Beamforming: The Directional Microphone
Beamforming was borrowed from radar and sonar engineering, and the analogy is perfect. Imagine you're at a cocktail party with a highly directional microphone. You point it at one person, and it picks up their voice while suppressing everyone else's. Then you swing it to the next person and do the same thing.
In EEG beamforming, the "directional microphone" is a mathematical spatial filter. For each location in the brain, the algorithm designs a filter that maximizes sensitivity to that specific spot while minimizing contributions from everywhere else. It applies this filter to your multichannel EEG data to produce a time series of estimated activity at that location.
The most common variant, LCMV (Linearly Constrained Minimum Variance) beamforming, is particularly good at tracking how activity shifts between brain regions over time. Because it produces a continuous signal for each brain location rather than a static snapshot, it's the method of choice for studying dynamic brain networks.

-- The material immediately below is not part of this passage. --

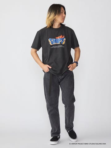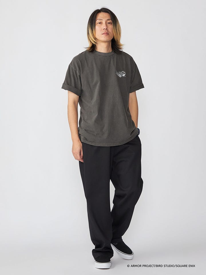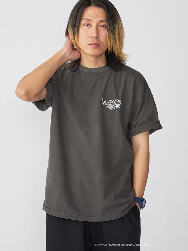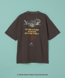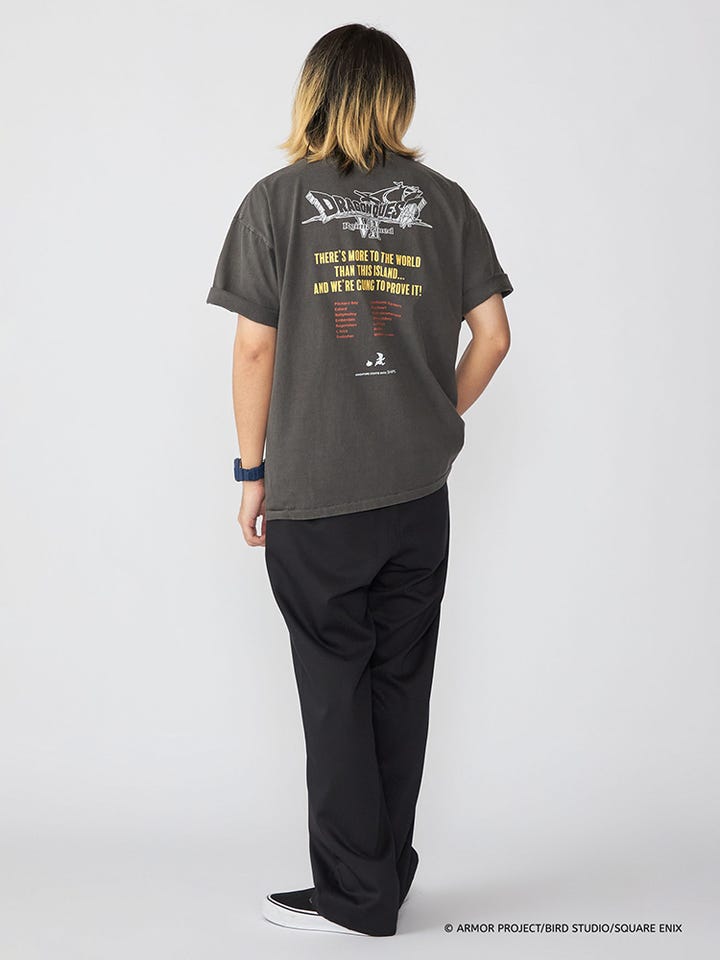 『ドラゴンクエストVII Reimagined』のテーマ“冒険の旅”を、ロックバンドのツアーTシャツ風にアレンジしたバックプリントが印象的な一枚。「海のむこうには もっと広い世界がある ……オレたちが 証明するんだ!」のステートメントに加え、「フィッシュベルの村」「グランエスタード城下町」「ウッドパルナの村」など、DQ7Rの舞台となる地名の英語名が刻まれています。また、ボディにユーズド加工を施し、着こなしにこなれ感を添える、コラボならではのデザインに仕上がっています。

Beamforming's weakness is correlated sources. If two brain regions activate simultaneously with similar timing, the spatial filters get confused because they can't distinguish the two. This isn't rare. Many cognitive tasks involve multiple brain areas working in tight synchrony, which is precisely the situation where beamformers struggle.
Bayesian Methods: Let the Brain Tell You What's Plausible
The newest family of approaches uses Bayesian inference, a framework from statistics that combines observed data with prior knowledge to produce the most probable explanation.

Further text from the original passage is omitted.